The key moment came in the 55th minute when Mourinho moved Ramires back and brought on Eden Hazard to provide a third skilful player. Chelsea opened up a previously tight game and it was from the No. 10 position that Hazard set up Oscar for the second goal. The third stylist, Willian, had taken the free kick that led to John Obi Mikel's opener.

The instructive element about Mourinho's team selection is that he often sacrifices an attack-minded player away from home. It was a feature of the win at West Ham and the draw at Arsenal. It was more of a surprise, however, when he started with a seemingly cautious side against Championship opposition.

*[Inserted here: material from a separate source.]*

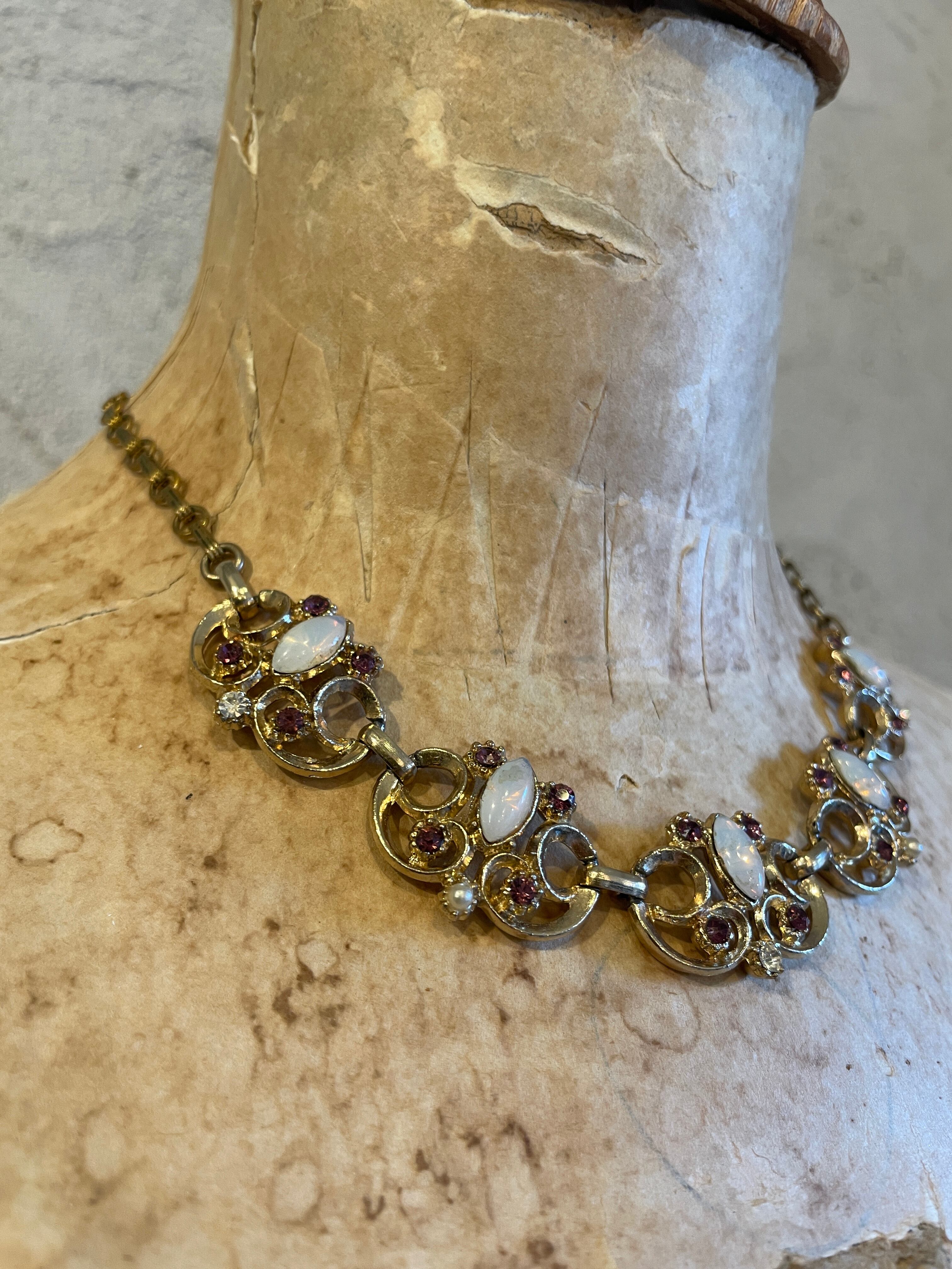 ゴールドチェーン ビジュー アンティーク風ネックレス ヴィンテージ アクセサリー

Theo Walcott has long insisted he prefers to play as a central striker. If injuries compelled Arsene Wenger to turn his right winger into the leader of the line, it was a successful gambit. It also added another dimension to the Arsenal attack. The regular centre-forward, Olivier Giroud, and his normal deputy, Nicklas Bendtner, are both target men, charged with holding the ball up and bringing their phalanx of attacking midfielders into play. Walcott, decidedly quicker than either, has the pace to run in behind the opposition defence.

Inadvertently, that led to Arsenal's opening goal. His decoy run into the penalty area occupied two defenders, giving Serge Gnabry the room to pick out the scorer Santi Cazorla. Walcott's style of play suited Arsenal in particular against Spurs. Because Tim Sherwood is playing 4-4-2, Tottenham have one fewer central midfielder. Because Walcott takes defences towards his own goal, he stretches the play and that, in turn, frees up more space in the midfield where Arsenal had an extra player.

Because Walcott is focused on getting into goalscoring positions, rather than coming deep to collect the ball, he is never going to be in possession as much as more technical teammates. He had 32 touches, but they included eight shots. That shows how direct he is as a striker. It is more than double Giroud's average of 3.5 per Premier League game this season.